Note that the documentation for both of these endpoints uses the old semantic types as examples and should also be fixed.

amykglen commented 1 year ago

is there any estimate on when this will be fixed? the synonymization portion of our RTX-KG2 build system relies on the /get_semantic_types and /get_curie_prefixes endpoints so we're currently unable to complete our Biolink 3.0 build. we're trying to gauge whether we should come up with a workaround or wait for this to be fixed.

gaurav commented 1 year ago

Hi @amykglen! I think it could be up to 3-4 weeks before we can get /get_semantic_types and /get_curie_prefixes fully up and running again. This is clearly a pretty old bug, since even NodeNorm-ITRB-Prod (which hasn't changed in a while) isn't returning this information. We might get lucky and stumble upon the bug pretty quickly, but I don't want to get your hopes up! I will report back as soon as we have an update.

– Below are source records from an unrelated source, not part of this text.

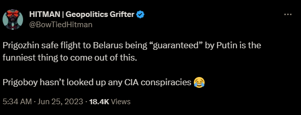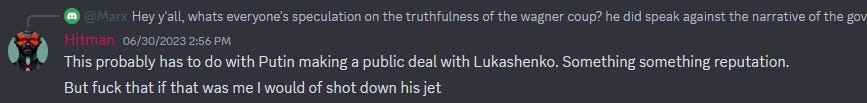 If you read this Substack or follow me on Twitter, Prigozhin’s death should not be a surprise to you. Prigozhin being alive was a blackeye to the Kremlin’s grip on power. He symbolized that you can shoot for the throne and live to tell the tale. Prigozin and other Wagner group leaders were on a jet from Moscow to St. Petersburg were they allegedly got shot down. Their deaths are confirmed, we’re not 1000% sure on the method but getting shot down is currently the prominent theory. Wagner leaders all traveling together is really an unwise thing to do. This is the reason why you’ll never see the US president and vice president on the same flight. These guys traveling together basically allowed the Kremlin to do a decapitation strike on the Wagner Group leadership.
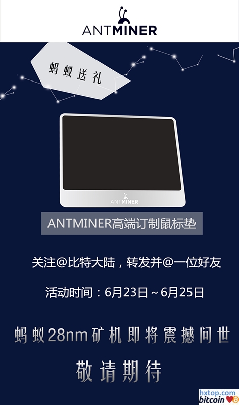 比特大陆发布了BM1382芯片,让许多期待已久的朋友为之兴奋!有关于蚂蚁28NM矿机,我们都在为之努力,若有消息会第一时间公布,也请大家继续关注与支持! 今日活动再次来袭,礼品为ANTMINER高端订制鼠标垫20个,关注转发并@ 1位好友即可参与抽奖。 活动链接请点击:http://weibo.com/3903535942/Bal2P4dRl?mod=weibotime
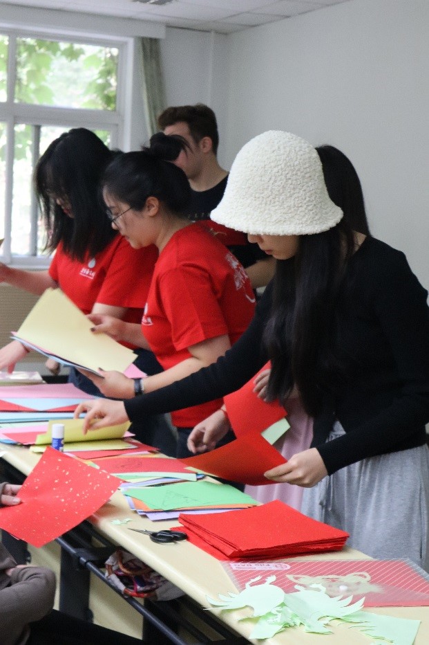 第一场“假日文化教室”活动安排在了10月6日上午。当天,我和小伙伴们早早就到达了活动现场,大家按照之前的分工有条不紊地开始了工作。有的负责板报的设计和绘制,有的将上课所需的各种材料搬运到教室摆放好,有的调试电脑设备,有的再次确认参加活动的学生名单,提前做好签到准备。大家默契的配合使得活动顺利地拉开了序幕。我们协助主讲老师开展教学活动,为国际学生提供帮助,如分发材料、指导剪纸、纠正读音等。在“朗诵与唱歌”活动中,郭子超同学还发挥了自己唱歌的特长,协助老师教学生们唱中国歌曲,赢得了同学们的阵阵喝彩。我和卢思淼、卢泽萍、张菊萍等4人组成的新闻小组,则注意收集素材,记录了很多难忘的瞬间。整个“假日文化教室”活动气氛热烈活跃,虽然我们都忙得不亦乐乎,但留学生们对中国文化的热爱,对我们的友善,主讲老师们生动有趣、深入浅出的教学方法都让我们深深地沉浸在喜悦和收获之中。
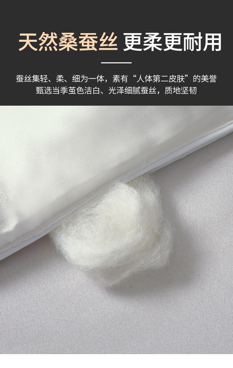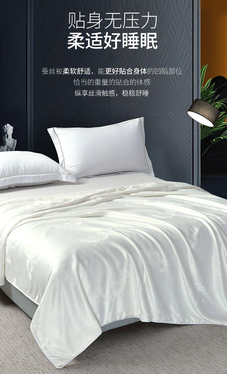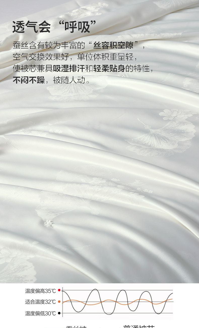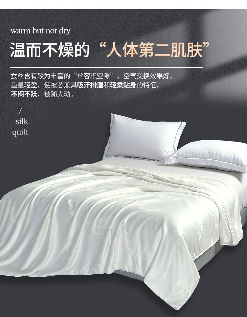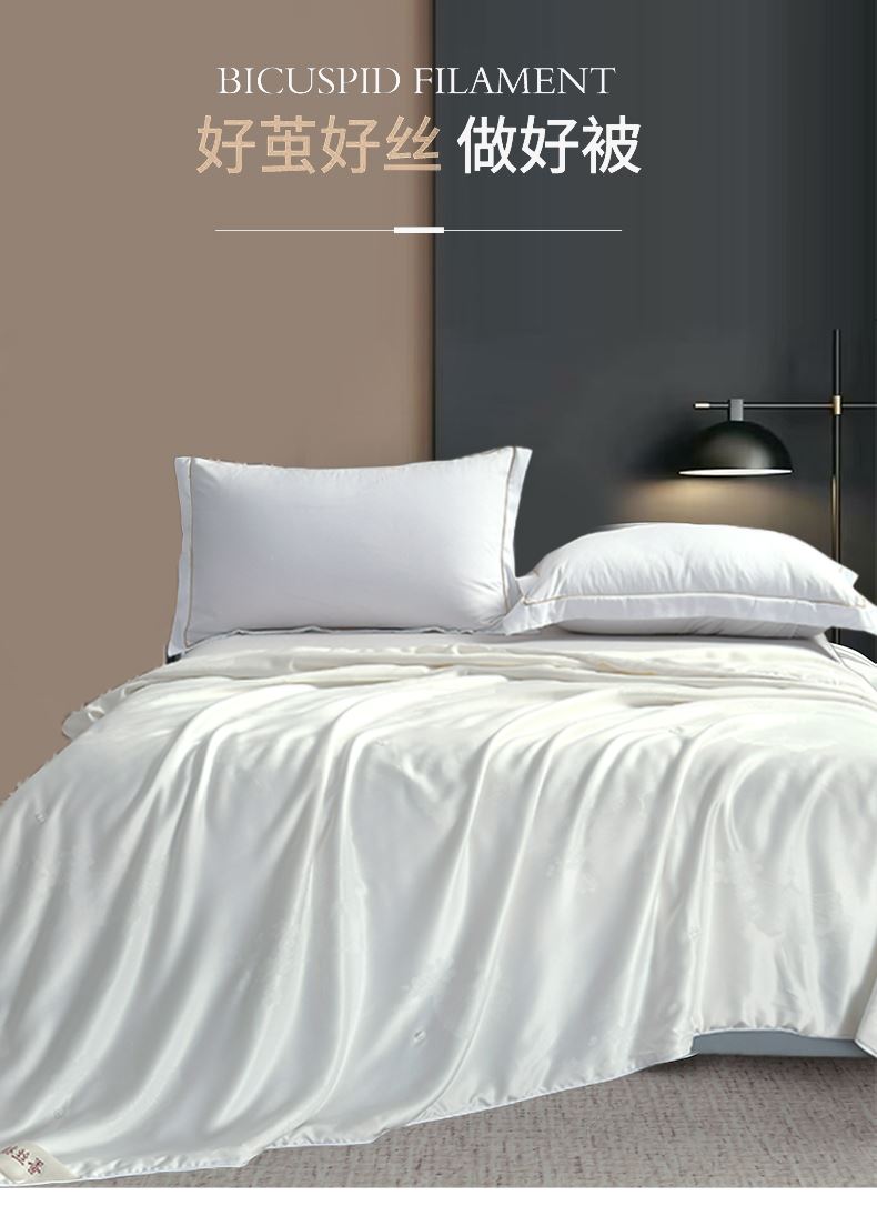 规格:200*230cm 面料:贡缎提花 填充:蚕丝(中长丝) 克重:1500g 执行标准:GB/T22796-2021 安全类别:GB18401-2010 B类 1.贡缎提花面料具有出色的透气吸湿性,轻薄会呼吸,助你安然入睡 2.从树中提取的木浆原液,采用溶剂纺丝技术,成品于天丝面料,柔滑、垂感好、轻薄、飘逸、柔滑凉爽、垂感好,夏季使用更清凉。
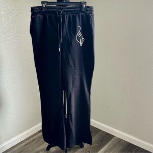 Stylish black jogger pants featuring a white logo. Perfect for casual wear.
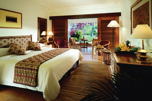 Les chambres sont spacieuses (40 m2), décorées avec des matériaux locaux (bois sculpté, batiks) et très bien équipées : climatisation, TV, radio, mini-bar, coffre-fort, terrasse ou balcon. 2 catégories : les Superior Garden avec vue sur le jardin et les Deluxe Ocean orientées vers la plage. En outre, les chambres Regency Club bénéficient d’un service plus raffiné, avec accès à un pavillon ouvert sur les jardins, avec petit déjeuner continental et cocktails en fin d’après-midi offerts.
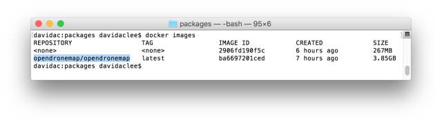 Docker 就会从 Docker Hub 中下载 OpenDroneMap 的镜像到本地中。为提高下载速度,建议提前使用 Proxifier 之类的工具(建议自行 Google)让 Terminal 走上代理道路。镜像下载完成后,在 Terminal 输入docker images指令,就能查看到刚才下载的 OpenDroneMap 的镜像了。

In the meantime, I've modified one of my Babel validation programs to produce output that might be close enough to the /get_curie_prefixes output for your immediate needs. I've added some code that counts the number of times each prefix is used in each Biolink type. Unlike /get_curie_prefixes, this won't use this Biolink hierarchy, and so will only provide direct counts for Biolink types in Babel, i.e. it will return a count of identifiers for bothbiolink:SmallMolecule and its parent type, biolink:ChemicalEntity, but the count for the latter won't include the count for the former. My plan is to use this to cross-check the /get_semantic_types and /get_curie_prefixes outputs once they're working again, but if I can get this code working in a day or two, would that be a workable stop-gap solution for your workflow while you wait for the API endpoints to be fixed?

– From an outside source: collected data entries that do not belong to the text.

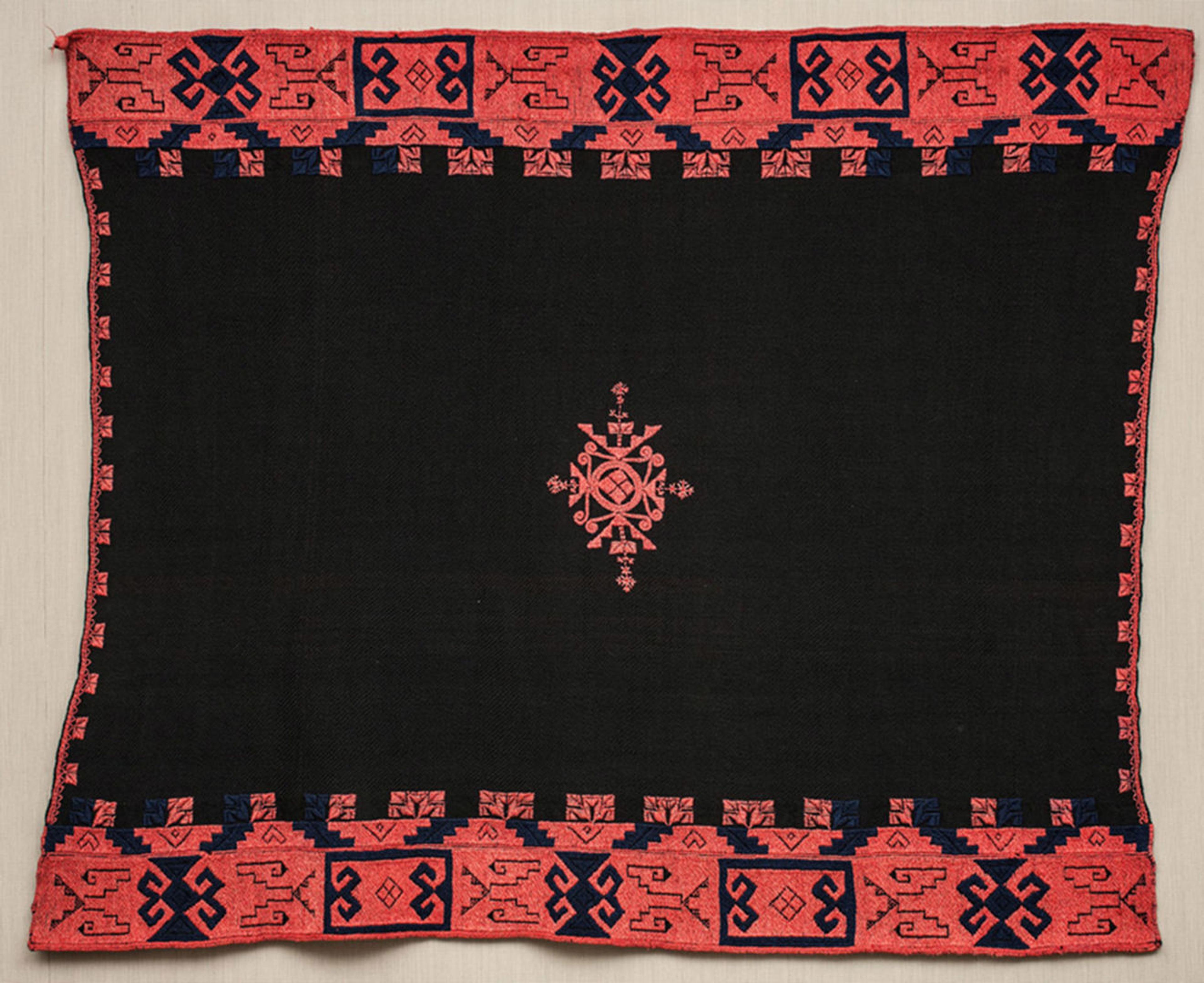 Acoma artist. Cape or dress. New Mexico, United States, ca. 1850. Handspun undyed and indigo-dyed Churro fleece and cochineal-dyed raveled bayeta, 48 x 58 in. (121.9 x 147.3 cm). The Metropolitan Museum of Art, New York, The Charles and Valerie Diker Collection of Native American Art, Promised Gift of Charles and Valerie Diker. Image © Charles and Valerie Diker Collection/Photo: Dirk Bakker
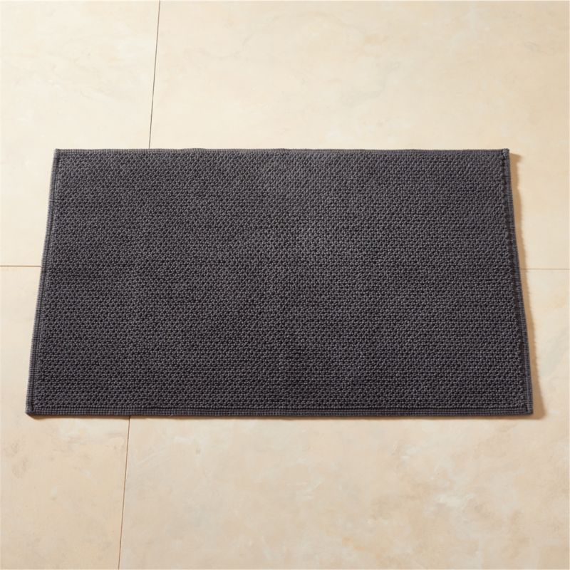 A simple upgrade to the traditional bath mat with unique texture that showcases a jacquard loom technique. Woven of certified organic cotton, charcoal grey bath mat is durable and machine-washable, making it perfect for everyday use. Also available in a bath runner. Pair with the Arlow bath towels for a coordinated look. CB2 exclusive.
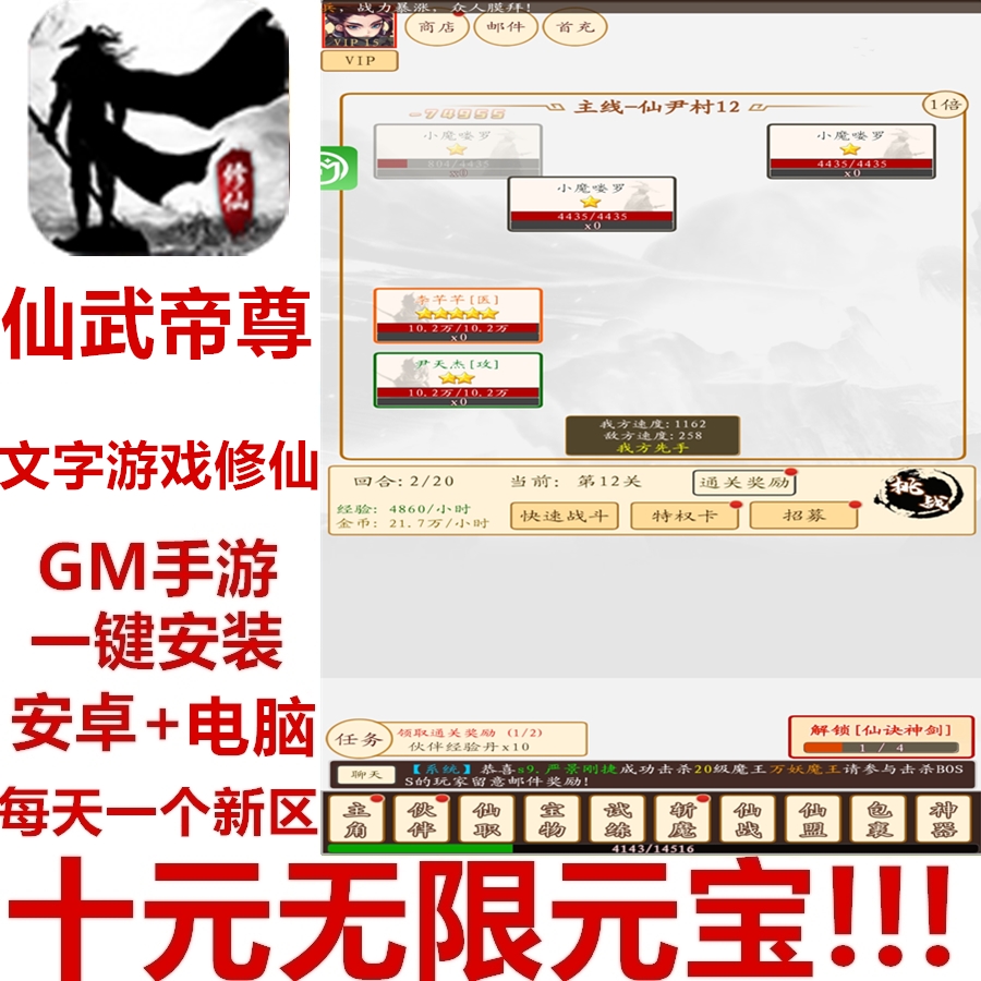 仙武帝尊GM手游文字游戏修仙非安卓游戏非单机GM后台无限元宝热门设计联盟服务商
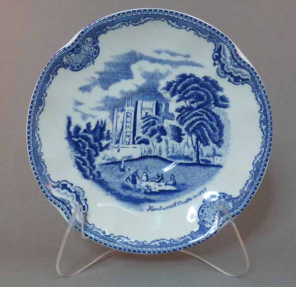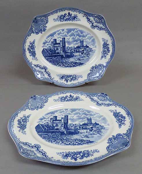 Juego de vajilla para doce personas compuesto por ciento diecisiete piezas. Componentes: tetera, azucarero, salseras, platos hondos, llanos, de postre, de pan, de ensalada, de salsera y platos ovalados. De porcelana blanda o ironstone, color blanco con diseños en azul de la serie de los Castillos antiguos de Inglaterra.
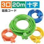 延長コード 20m 3口 耐寒性 超ソフト 十字延長コード 屋外 屋内 15A 1500W 20M

amykglen commented 1 year ago

thanks @gaurav! we found a cached copy of NodeNormalizer info on our end that we were able to use to get what we needed. but thank you for offering that stop-gap solution.

gaurav commented 1 year ago

When I was previously trying to figure out what was going wrong, I think I found the code that was supposed to be calculating semantic type information in the NodeNorm loader: https://github.com/TranslatorSRI/NodeNormalization/blob/a7b85f0511bf89ef98b71ba26b36b97822045296/node_normalizer/loader.py#L446-L484

I've confirmed that this is broken in r3_nodenorm 2.0.9, but I haven't tried the code in the current master branch. If that code is ready for release, I can try it when I figure out how to get the current Babel run to complete.

amykglen commented 1 year ago

hey @gaurav - is /get_semantic_types still expected to be broken at this point? we will use cached info again if so, but just wanted to check. thanks!